Jeffrey Whitmore has provided an example of 55-word stories that is an amazing example of all the right things to do in writing. At this abbreviated length, prose becomes poetry, where every word counts, packs a punch, and together, they bespeak a past, a present, a future, build characters, interpersonal relationships, love, lust, betrayal, jealousy, hubris, and a delightful twist. How many aspiring writers, and even professionals, ever approach this paragon of penmanship? I dare say far too few... I've cursorily scoured the web for other examples in this genre, and while they are plentiful, they are mostly dismal failures. So go ahead, punk. Try it...
Bedtime Story
"Careful, honey, it's loaded," he said, reentering the bedroom.
Her back rested against the headboard. "This for your wife?"
"No. Too chancy. I'm hiring a professional."
"How about me?"
He smirked. "Cute. But who'd be dumb enough to hire a lady hit man?"
She wet her lips, sighting along the barrel.
"Your wife."
¡ª Jeffrey Whitmore
From "The World's Shortest Stories"
- Re: What makes powerful poetry, prose?posted on 01/13/2010
thanks, yoni...
great story...but my problems is not that, i have problem to elaborate the details, and i am most frustrated with dialogue... - posted on 01/14/2010
The key to powerful writing, I am told, is this: Do not tell. Show.
Examine the short story dialog: the characters reveal truths in their dialog. They require no further elaboration, as the reader is smart enough to infer the past and future, the quality of the relationships, the tensions, the characters' goals and intensions, plans for the future, interrelationships with each other,
all from the dialog. Additionally, a few key words describing the SETTING also tell volumes. He RE-ENTERS the BEDROOM. SHE sits against the headboard. She mentions his wife.
From three short phrases, the reader now knows the whole history leading up to this moment, filling in all the details themselves. To every reader, those details will differ somewhat, but you the writer don't have to spell them out, to tell them. In fact, the more you demand your readers fill in the details themselves, the more vividly they will imagine the story, and the more real it will become for them, the more exciting they will find it. It is much like the stories we tell ourselves about a new love interest we know little about, even without realizing we are doing it. We know just a little about them and our minds fill in all the blanks from our own imaginations and wishes and desires based on just the few clues we have been given. It is extremely common that as soon as we learn the real details, that the person becomes much less interesting, less exciting to us. It is always more engaging to image what the details might be from a few clues, than to be beaten into submission by the author giving too many. This is similar to the appeal of the mystery genre...
Oh, one more thing. In dialog, never use adverbs.... She said hesitantly, he said importantly... yechh! - posted on 01/14/2010
In swimming, the novice chops the water with too many inefficient strokes. They may need 30 or 40 armpull strokes to get across the pool.

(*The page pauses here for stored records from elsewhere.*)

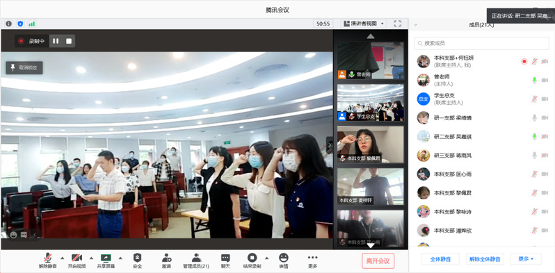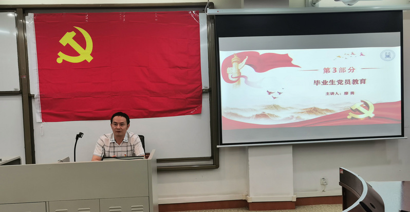 组织生活会还安排了入党宣誓和重温誓词环节,廖勇书记带领线上、线下与会党员庄严宣誓,以提醒毕业生党员不论未来走向何处,都应铭记入党时的初心和使命、宣誓时内心那份滚烫的信仰。“我志愿加入中国共产党,拥护党的纲领,遵守党的章程……”新党员在党旗下作出郑重承诺;“对党忠诚,积极工作,为共产主义奋斗终身……”其他党员重温入党誓词,回望入党初心,再次领会誓词所昭示的中国共产党党员的责任与担当。
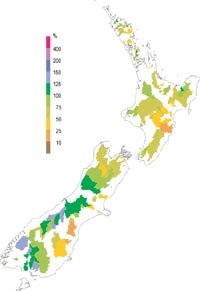 Streamflow decile ranges in July 2003 for rivers monitored in national and regional networks
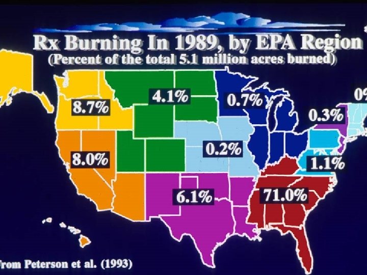Primary Reasons for Rx Burning in U. S. · Fire hazard reduction……. . 64. 1 % · Silviculture…………………. 17. 9 % · Vegetation management…. . 2. 5 % · Range improvement………. . 1. 2 % · Wildlife habitat……………… 9. 8 % · Others…………… 4. 5 % From Peterson et al. (1993)
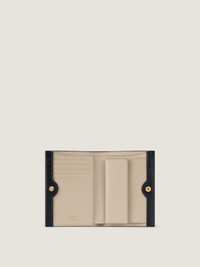 - Wallet in grained calfskin leather. - Day line. - Press-button closure. - Golden GIVENCHY signature on the front. - Embossed GIVENCHY Paris signature on the back. - Golden GIVENCHY signature on the inside. - Leather-covered button on the front. - One coin pocket with press stud. - One flat bill pocket and five card slots. - Contrasted interior.
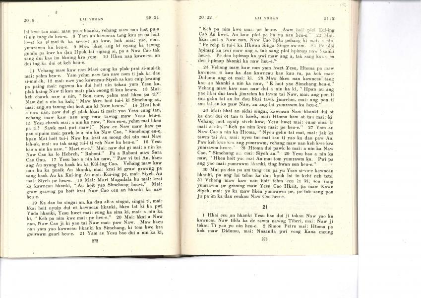 1985年佤文新约全书 约翰福音 20 章 8 节到 21 章 2 节
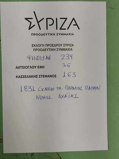 Από το εκλογικό τμήμα Παραλίας έρχεται το πρώτο αποτέλεσμα των εκλογών του ΣΥΡΙΖΑ σε ό,τι αφορά την Πάτρα.
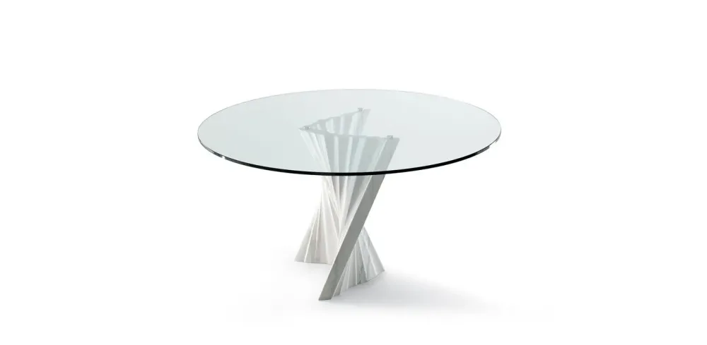 Tavolo con base in marmo Palissandro bianco opaco (BPO). Piano in cristallo 15mm trasparente o trasparente extrachiaro.
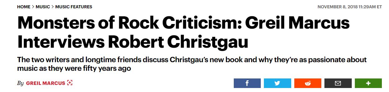 November 8, 2018 by GM Admin Greil Marcus Interviews Robert Christgau (11/8/18) In Rolling Stone, G.M. interviews Robert Christgau, on the occasion of the release of RC’s new book, Is It Still Good To Ya? Fifty Years of Rock Criticism 1967-2017. Share this: Click to share on X (Opens in new window) X Click to share on Facebook (Opens in new window) Facebook Click to share on Tumblr (Opens in new window) Tumblr Like Loading...
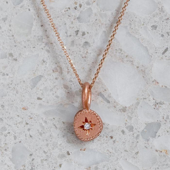 Our Rubble Necklace has been set with April's birthstone, a G/VS brilliant cut white diamond.

As they refine their technique, they find that with care and attention, each stroke becomes more effective, and by using strokes carefully, they begin to get more swim for each stroke. Eventually they are using maybe a dozen or so strokes to traverse the pool. They have better flow, and are much easier to watch as well.
In writing, the novice chops the story with too many inefficient words. Consider poetry, whose goal, in good poetry, is to only takes a handful of strokes to traverse the pool. Every single word is painstakingly chosen for its power, its effectiveness, its ability in one breath to evoke a past, set a stage, build imagery, to tell a story in the reader's mind. One word can do all that, and the context, the sequence of such words directs the story, setting, imagery - one effects the next. Carefully stringing such words together evokes emotional responses as well, hopefully powerful ones. It is no trivial task to find and use such words, which is why good poetry is so highly revered, and why bad poetry is so ubiquitous. Really good prose models the same paragon of power, an economy of words that instead of copious in quantity, are copious in quality.
An exercise given to swimmers striving to improve, is to count their strokes across the pool. Then traverse again with one fewer stroke. Then to traverse again with yet another fewer stroke. And so on, 'till they just cannot reduce the strokes further and finish the length. Try the same exercise in writing: pen a paragraph, and then accomplish the same effect, the same story, with one fewer word per sentence, for example. Try to tell the same story with one fewer sentence. Continue to pare, to cull, to replace four ineffective words with a single more powerful one, to replace whole sentences with a single short phrase. Use the 55 story as your comparative paragon, your metric.